Like the other views, collection and analysis techniques are similar for the Component View.
Techniques to understand current and historical usage of the component and correlation of usage
to business drivers is of prime importance. However, the forecasting techniques become more
tool-driven. The selection of spreadsheet methods, analytical and queuing methods, or simulation
will be necessary to more accurately design the individual component configuration or an
overall topology. the tools to model the internal component requirements for a particular
component should be available. Thus, the inputs of the tools must be captured by the capacity
methodology.

Note: The intent of this methodology is to provide general procedures and metrics to allow the
capacity planner to perform capacity planning activities. It may have to be modified if more
specific tool content is desired.

Tools for modeling overall component configurations, or entire topologies, are still not perfect.
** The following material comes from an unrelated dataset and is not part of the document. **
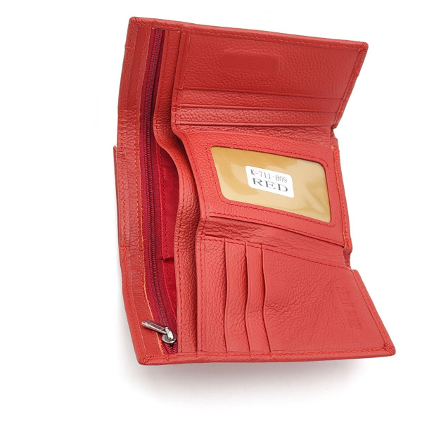 Практично и компактно дамско портмоне от естествена кожа в красив червен цвят, което съчетава удобство и функционалност в малък размер. Моделът е подходящ за ежедневна употреба и лесно се побира в дамска чанта или раница.

Good tools do exist, such as some simulation services provided by some vendors, but even these
ignore the importance of accurately projecting traffic demands from a Business Model. This
methodology helps the capacity planner and network designer better understand the requirements
for providing better information to simulators and for selecting overall modeling tools. The
Topology View study, introduced in Section 6.8.3 as a fourth view and for network designers
only, is beyond the scope of this version of the methodology. However, its importance in overall
network design to provide alternative configurations for consideration is essential. The Capacity
Management methodology documents the interfaces (see Section 1 and the Management Guide)
and provides the Network Design process with the necessary inputs.